An acceptable answer repeats exactly the line containing "Upstairs are three" and all lines that follow it in the listing below, and it includes no pictures.
════════════════════
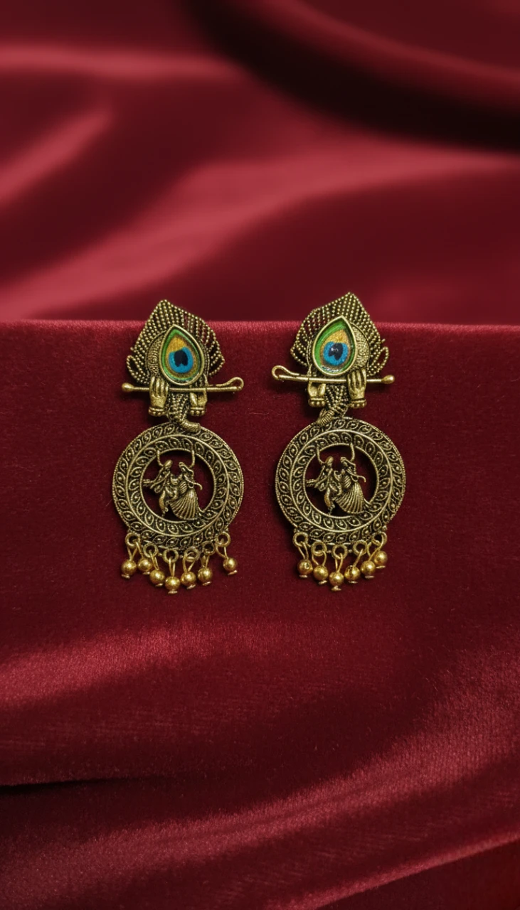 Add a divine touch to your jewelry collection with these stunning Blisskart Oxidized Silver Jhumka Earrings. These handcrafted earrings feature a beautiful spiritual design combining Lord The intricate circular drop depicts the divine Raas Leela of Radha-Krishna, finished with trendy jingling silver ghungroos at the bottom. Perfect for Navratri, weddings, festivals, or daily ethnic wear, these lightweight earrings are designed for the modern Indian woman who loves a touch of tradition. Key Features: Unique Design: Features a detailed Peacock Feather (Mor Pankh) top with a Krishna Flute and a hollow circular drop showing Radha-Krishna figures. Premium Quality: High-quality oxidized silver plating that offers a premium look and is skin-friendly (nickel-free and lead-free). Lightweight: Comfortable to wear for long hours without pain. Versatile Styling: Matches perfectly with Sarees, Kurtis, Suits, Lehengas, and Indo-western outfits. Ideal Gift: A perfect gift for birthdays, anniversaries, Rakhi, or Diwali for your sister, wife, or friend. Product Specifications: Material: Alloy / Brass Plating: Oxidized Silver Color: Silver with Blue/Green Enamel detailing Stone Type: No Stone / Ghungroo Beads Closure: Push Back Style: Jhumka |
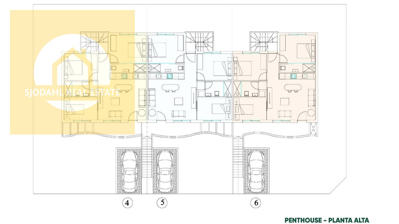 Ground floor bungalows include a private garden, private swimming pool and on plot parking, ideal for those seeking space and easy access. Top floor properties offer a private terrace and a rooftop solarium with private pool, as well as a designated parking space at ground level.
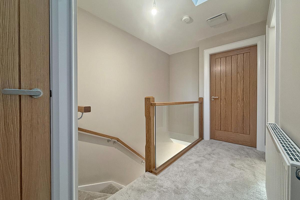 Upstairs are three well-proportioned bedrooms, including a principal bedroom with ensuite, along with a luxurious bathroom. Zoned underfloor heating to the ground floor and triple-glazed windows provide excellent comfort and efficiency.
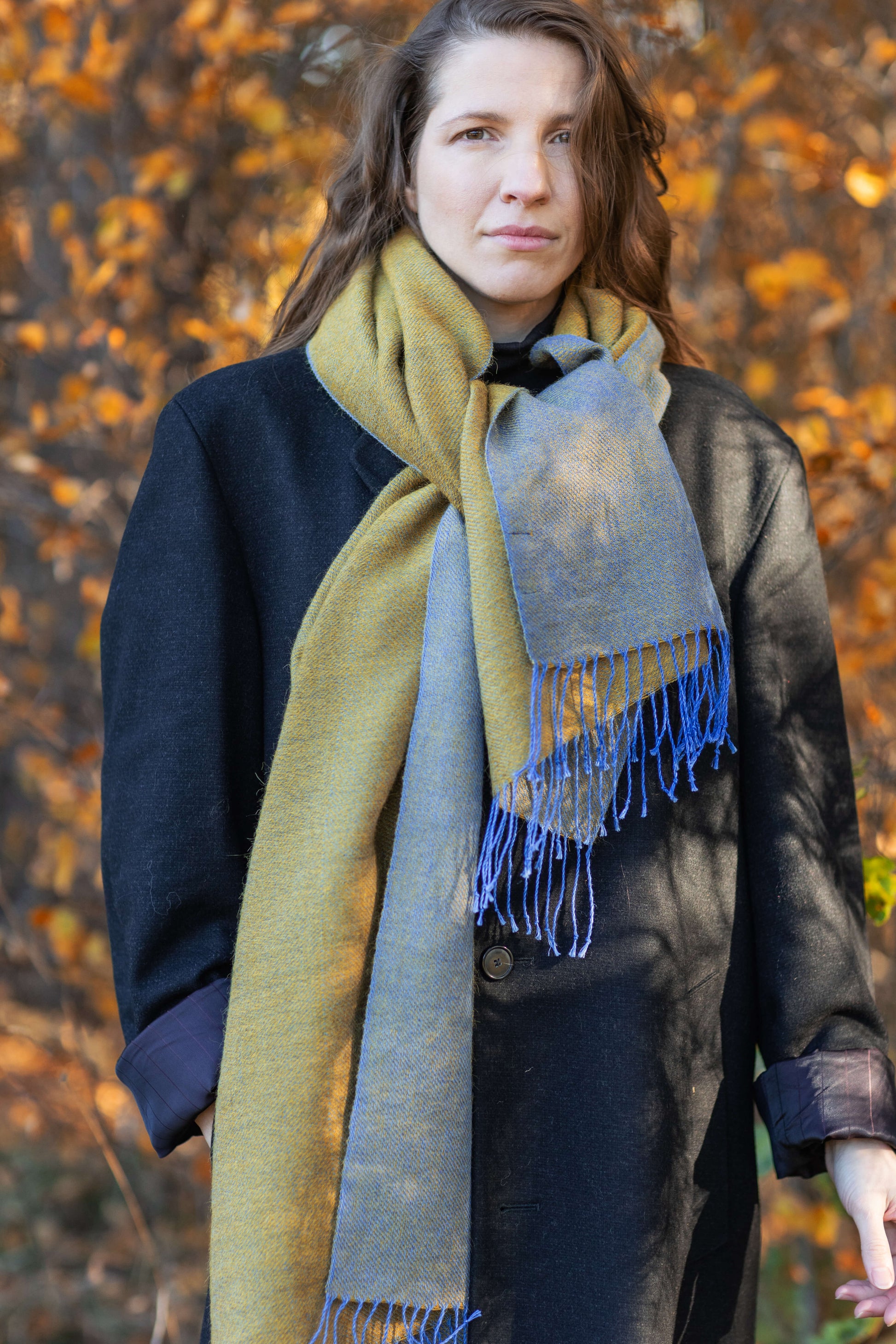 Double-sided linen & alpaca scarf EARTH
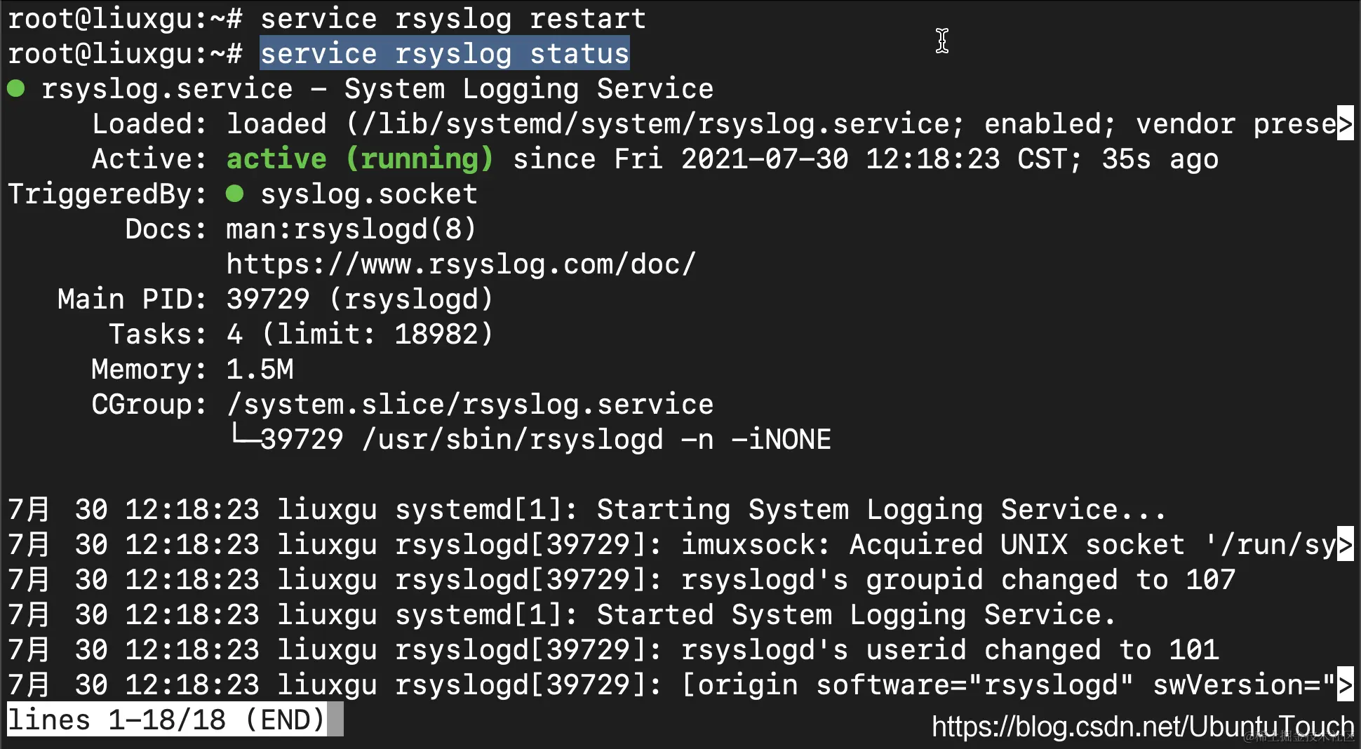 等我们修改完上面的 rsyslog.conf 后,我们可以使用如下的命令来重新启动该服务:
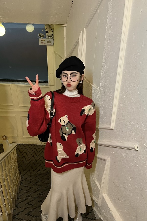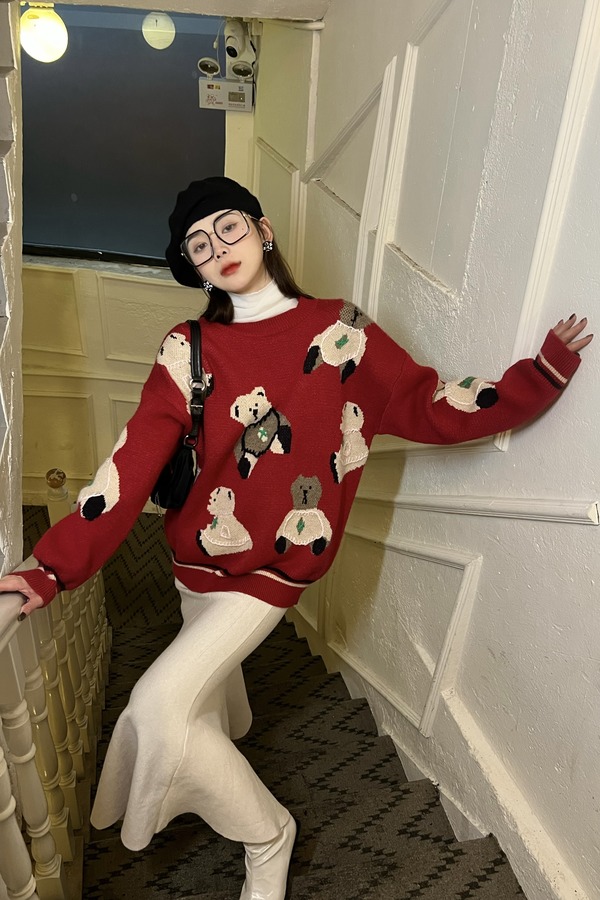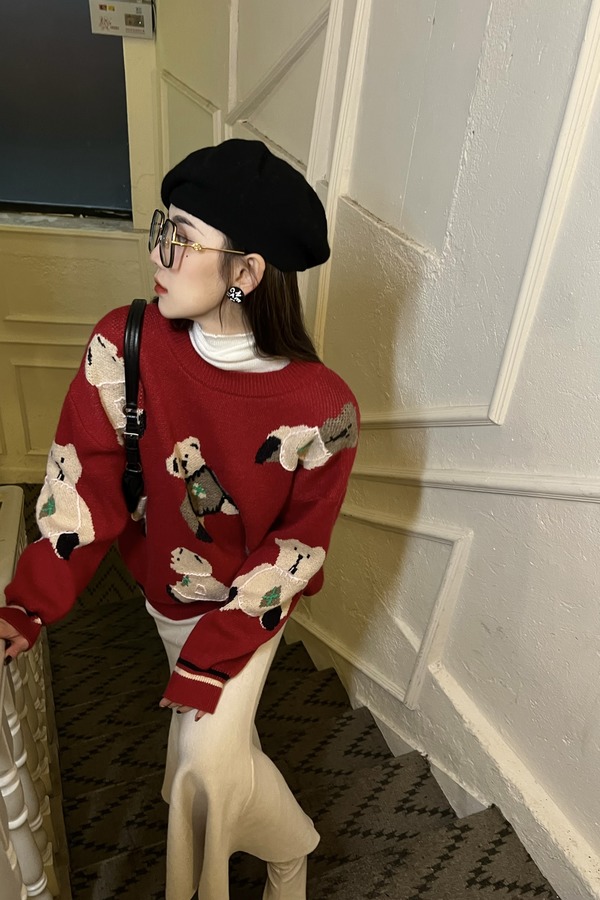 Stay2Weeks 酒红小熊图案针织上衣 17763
════════════════════
— OUTPUT BELOW —
 Upstairs are three well-proportioned bedrooms, including a principal bedroom with ensuite, along with a luxurious bathroom. Zoned underfloor heating to the ground floor and triple-glazed windows provide excellent comfort and efficiency.
 Double-sided linen & alpaca scarf EARTH
 等我们修改完上面的 rsyslog.conf 后,我们可以使用如下的命令来重新启动该服务:
 Stay2Weeks 酒红小熊图案针织上衣 17763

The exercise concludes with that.